Data for analysis:
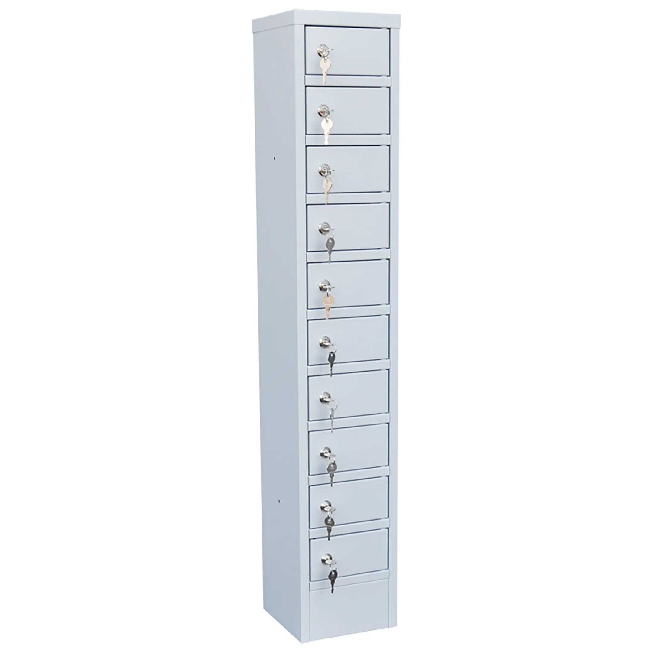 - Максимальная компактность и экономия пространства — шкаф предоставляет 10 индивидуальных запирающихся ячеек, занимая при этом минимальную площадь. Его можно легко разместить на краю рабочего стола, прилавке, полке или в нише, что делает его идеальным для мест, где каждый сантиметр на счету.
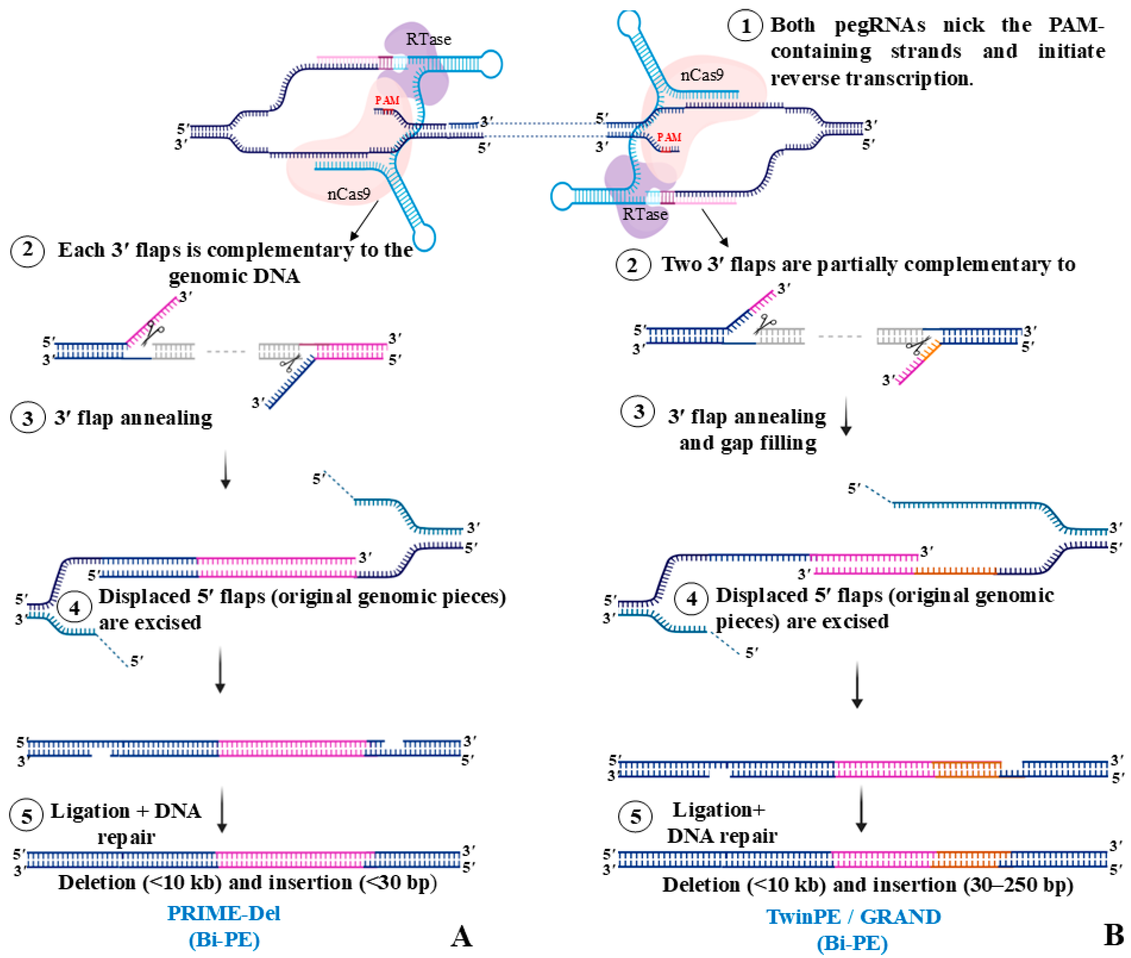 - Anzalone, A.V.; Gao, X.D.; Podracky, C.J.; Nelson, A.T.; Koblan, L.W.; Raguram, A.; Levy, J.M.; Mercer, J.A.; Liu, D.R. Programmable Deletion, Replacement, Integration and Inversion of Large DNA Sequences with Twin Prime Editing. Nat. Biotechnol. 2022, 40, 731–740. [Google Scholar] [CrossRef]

--

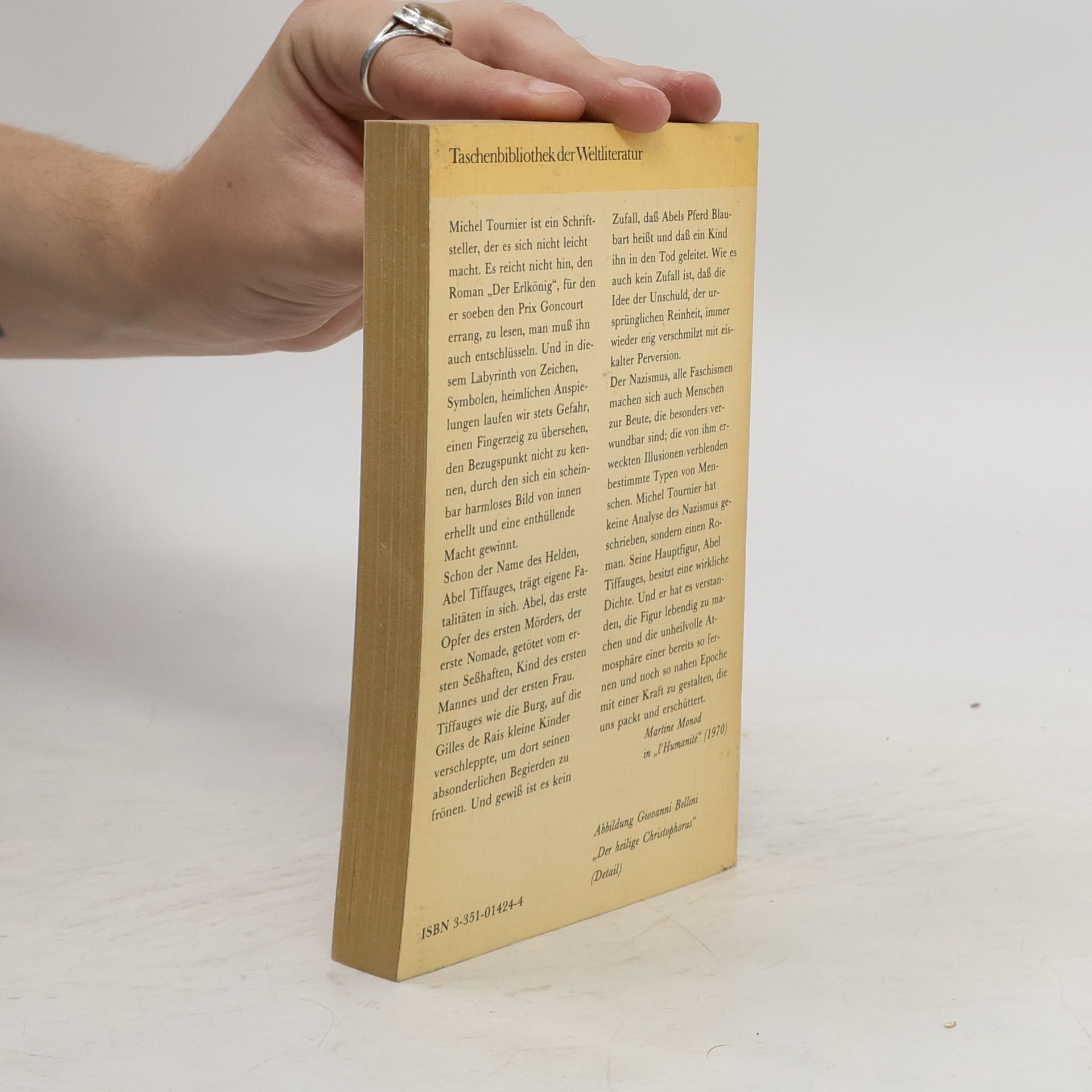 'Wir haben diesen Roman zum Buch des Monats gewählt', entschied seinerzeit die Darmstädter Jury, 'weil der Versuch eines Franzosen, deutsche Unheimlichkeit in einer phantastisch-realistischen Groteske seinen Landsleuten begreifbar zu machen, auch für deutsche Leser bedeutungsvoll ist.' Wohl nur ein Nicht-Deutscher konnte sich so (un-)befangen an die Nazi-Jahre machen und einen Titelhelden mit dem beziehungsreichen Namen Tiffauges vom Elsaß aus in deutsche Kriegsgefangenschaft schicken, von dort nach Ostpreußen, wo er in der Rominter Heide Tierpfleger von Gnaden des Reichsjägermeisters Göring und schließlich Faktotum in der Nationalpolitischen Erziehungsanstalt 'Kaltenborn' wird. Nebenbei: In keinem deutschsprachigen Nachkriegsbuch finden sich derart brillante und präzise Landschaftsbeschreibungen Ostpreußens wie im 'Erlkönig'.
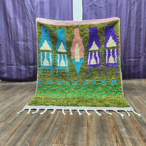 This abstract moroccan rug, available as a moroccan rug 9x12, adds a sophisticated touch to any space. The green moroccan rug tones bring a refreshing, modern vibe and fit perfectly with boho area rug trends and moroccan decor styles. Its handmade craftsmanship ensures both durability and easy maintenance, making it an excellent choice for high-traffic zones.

Assignment:
Print an exact copy of the lines above, from the one containing "- Максимальная компактность" through the one containing "- Anzalone, A.V.;", and leave out the pictures.

Your response:
 - Максимальная компактность и экономия пространства — шкаф предоставляет 10 индивидуальных запирающихся ячеек, занимая при этом минимальную площадь. Его можно легко разместить на краю рабочего стола, прилавке, полке или в нише, что делает его идеальным для мест, где каждый сантиметр на счету.
 - Anzalone, A.V.; Gao, X.D.; Podracky, C.J.; Nelson, A.T.; Koblan, L.W.; Raguram, A.; Levy, J.M.; Mercer, J.A.; Liu, D.R. Programmable Deletion, Replacement, Integration and Inversion of Large DNA Sequences with Twin Prime Editing. Nat. Biotechnol. 2022, 40, 731–740. [Google Scholar] [CrossRef]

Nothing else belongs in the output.